I'm using one of the kinematic equations - s_f=s_i+v_i t+1/2a(t)^2

The Attempt at a Solution

I know I need solve for both x and y planes. Solving for t on the y-axis gives me 3.016s to the ground.

Then plugging that in and using the same equation but solving for s_f...I get the wrong answer.

I know the angle of the roof the snowball falls from comes into play, but I don't know how. I thought it had something to do with the original position, but it doesn't. The only thing we've learned about inclined planes is their effect on gravity. Which doesn't apply to this problem.

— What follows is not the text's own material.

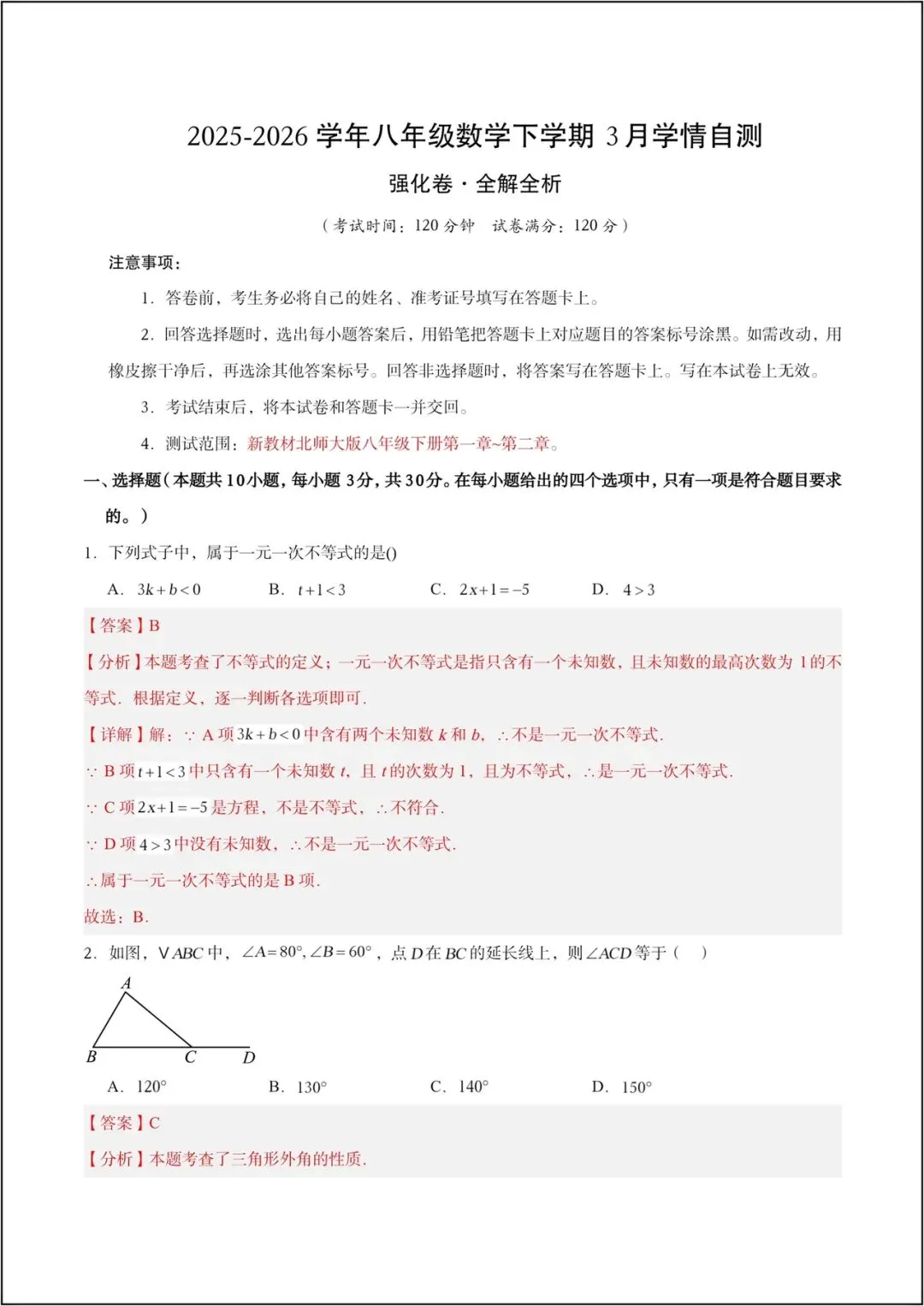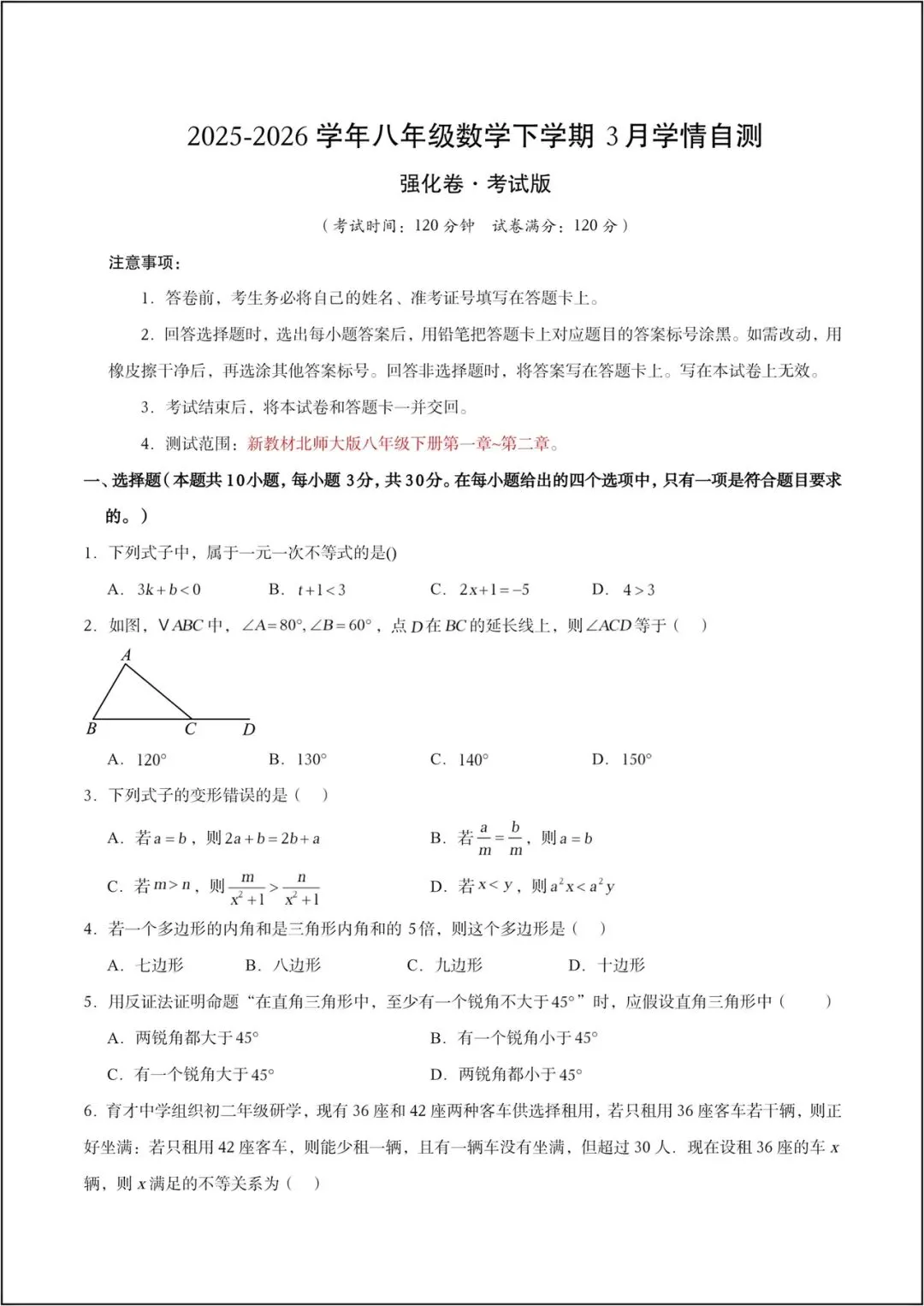 2026新(北师大版)八年级下册(数学)第一次月考试卷(含答案),电子版可打印!

Any pointers on how that roof slope comes into play?

 

[AEM]

Homework Statement

A snowball rolls off a roll that has a slope of 30* from the horizontal with a speed of 5.0 m/s. The edge of the roof is 10m above the ground. How far from the house (horizontally) does the snowball strike the ground?

Homework Equations

I'm using one of the kinematic equations - s_f=s_i+v_i t+1/2a(t)^2

The Attempt at a Solution

I know I need solve for both x and y planes. Solving for t on the y-axis gives me 3.016s to the ground.

Then plugging that in and using the same equation but solving for s_f...I get the wrong answer.

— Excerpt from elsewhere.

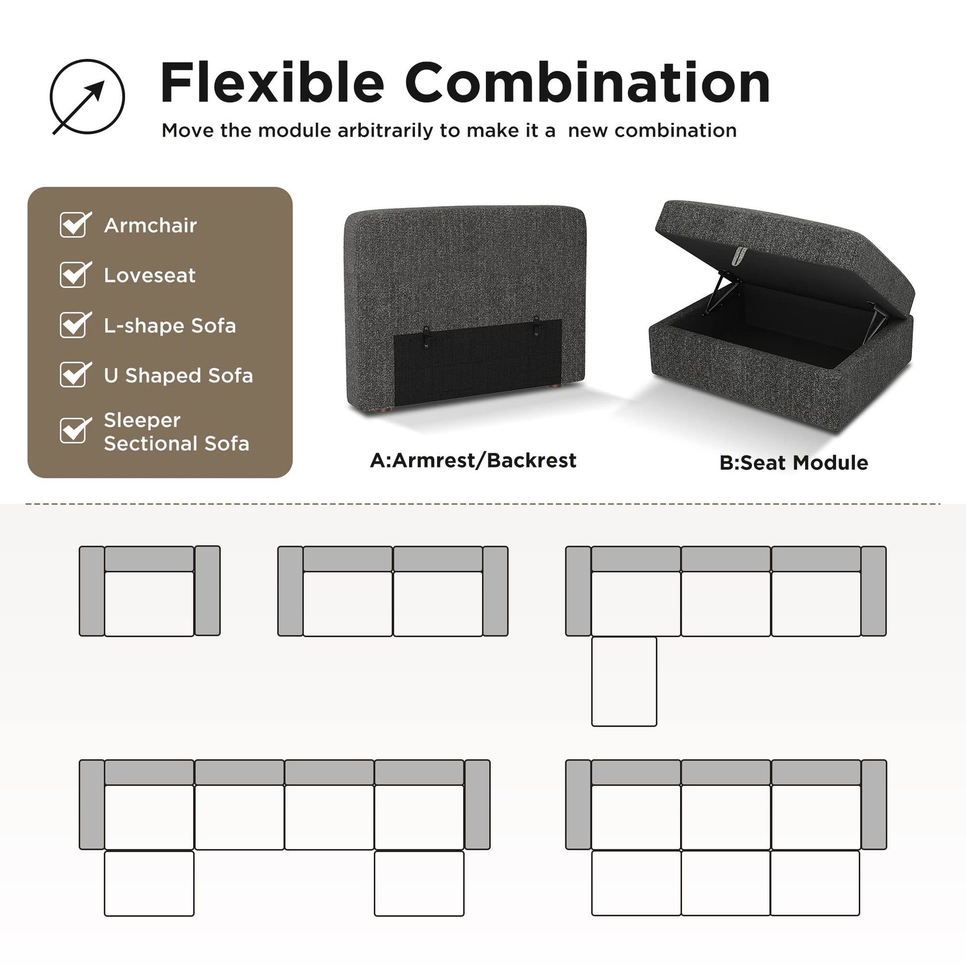 - With hidden storage space under each seat, the modular couch can be used to place toys, blankets or out-of-season things.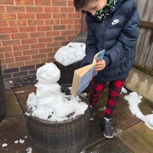 On 19th November 2024 the children were asked to build a snowman and then read it a story.

I know the angle of the roof the snowball falls from comes into play, but I don't know how. I thought it had something to do with the original position, but it doesn't. The only thing we've learned about inclined planes is their effect on gravity. Which doesn't apply to this problem.

Any pointers on how that roof slope comes into play?

Well, what you need to do is to use two of your kinematic equations. One for the horizontal direction and one for the vertical direction. You assume that the acceleration in the horizontal direction is zero (neglect air resistance). and take the vertical acceleration to be the acceleration of gravity. You will need the initial velocities in the horizontal and vertical directions. You get these from the slope of the roof and the velocity with which the ball leaves the roof. (Use a little trig to figure those out).

That should get you started.

 

[erok81]

Ooooh I think I get it. I was using 5.0 m/s as the initial velocity for both directions. But it isn't...at least I think it isn't.

So initial velocity is 2.5 downward and 4.33 horizontally.

Is that what you were referring to?

 

[erok81]

Ok...any more hints?

I tried it that way and am still wrong.

 

[AEM]

Ooooh I think I get it. I was using 5.0 m/s as the initial velocity for both directions. But it isn't...at least I think it isn't.

So initial velocity is 2.5 downward and 4.33 horizontally.

Is that what you were referring to?

That is what I was referring to. Your values for the initial velocity components are correct. I would place the origin of my coordinate system either at the point on the roof where the ball leaves the roof, or directly under it on the ground. Now write two equations:

X = X_0 + V_{0x} t

and

Y = Y_0 + V_{0y}t - \frac{1}{2} g t^2

Don't forget to put in the proper sign for your initial velocities.

You can eliminate the t variable and solve for the unknown that you want.